Start of SOURCE MATERIAL

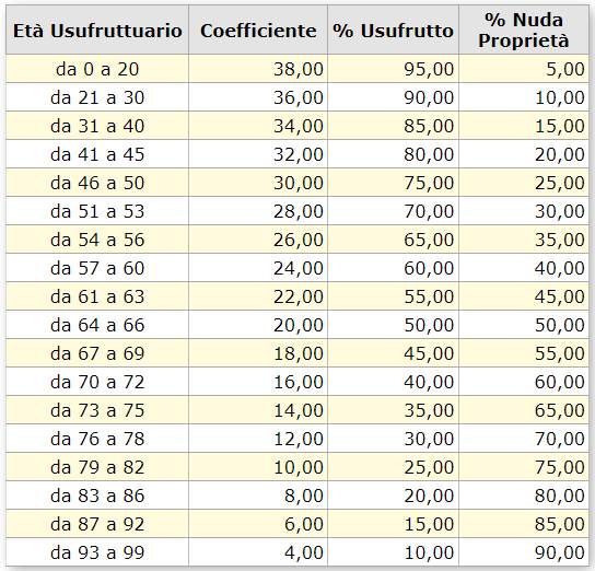 La tabella dei coefficienti che segue quindi non cambia rispetto al precedente anno, sebbene il tasso di interesse legale è sceso al 2% dal 01/01/2025 e serve ad attribuire il valore a un usufrutto o alla corrispondente nuda proprietà (si pensi a una lite divisionale o alla ripartizione del prezzo di una compravendita di un bene sul quale sia impresso un usufrutto). Il pareggio del valore tra usufrutto vitalizio e nuda proprietà si ha, quando l’usufruttuario ha un’età compresa tra 64 e 66 anni:
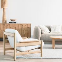 Experience ultimate comfort and style with the Reece Lounge Chair. Its stunning textured fabric exudes elegance, while the sleek oak timber construction ensures durability and invites you to unwind in luxurious relaxation.
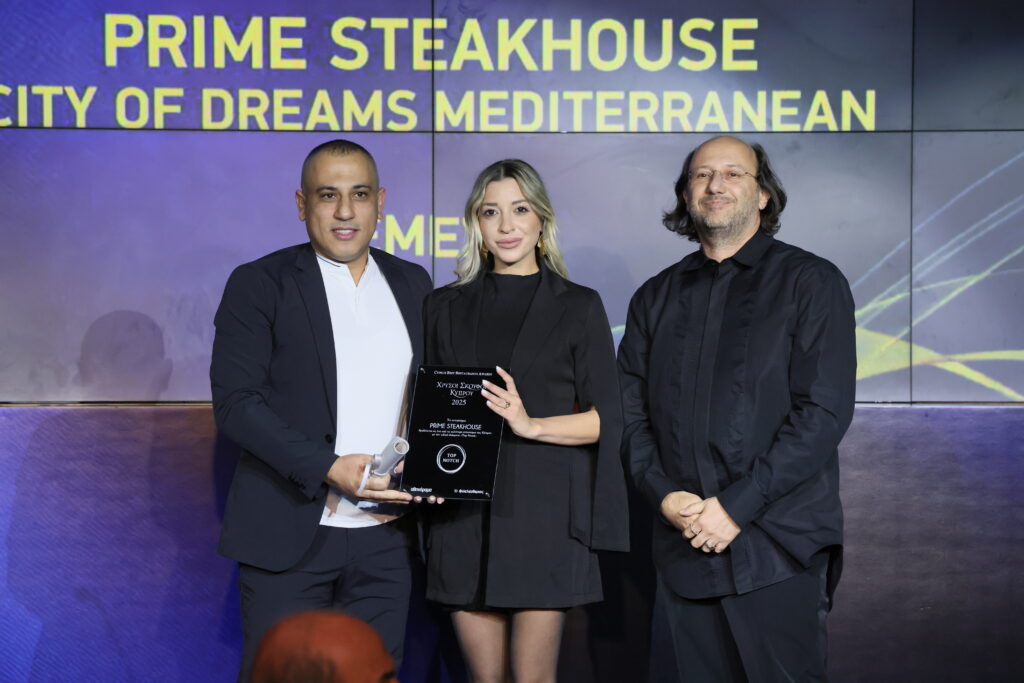 Ο βραβευμένος αρχιτέκτονας Ηρακλής Παπαχρίστου βραβεύει το εστιατόριο Prime Steakhouse στην κατηγορία Top Notch. Το βραβείο παρέλαβαν οι Mohamad Khalil Fahed Al-Saies Και η Κατερίνα Λανού.
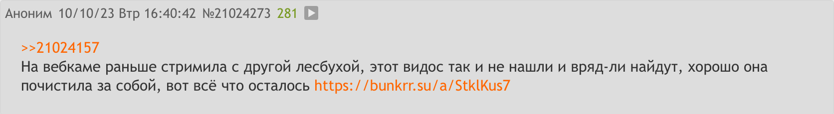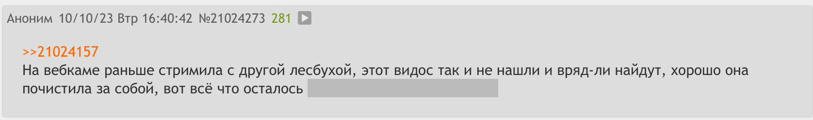 >>24899035 Ты же вкурсе что она вебкамщица и даже с бабой сосалась перед монитором это жырный намек что ты очень много не знаешь, а ты про какогото чела

End of SOURCE MATERIAL

> [WORK REQUEST]
The lines from the start of the data through the line that contains "Ο βραβευμένος αρχιτέκτονας" are to be returned exactly, please, with both ends included and every picture left out.

> [FINISHED EXERCISE]
 La tabella dei coefficienti che segue quindi non cambia rispetto al precedente anno, sebbene il tasso di interesse legale è sceso al 2% dal 01/01/2025 e serve ad attribuire il valore a un usufrutto o alla corrispondente nuda proprietà (si pensi a una lite divisionale o alla ripartizione del prezzo di una compravendita di un bene sul quale sia impresso un usufrutto). Il pareggio del valore tra usufrutto vitalizio e nuda proprietà si ha, quando l’usufruttuario ha un’età compresa tra 64 e 66 anni:
 Experience ultimate comfort and style with the Reece Lounge Chair. Its stunning textured fabric exudes elegance, while the sleek oak timber construction ensures durability and invites you to unwind in luxurious relaxation.
 Ο βραβευμένος αρχιτέκτονας Ηρακλής Παπαχρίστου βραβεύει το εστιατόριο Prime Steakhouse στην κατηγορία Top Notch. Το βραβείο παρέλαβαν οι Mohamad Khalil Fahed Al-Saies Και η Κατερίνα Λανού.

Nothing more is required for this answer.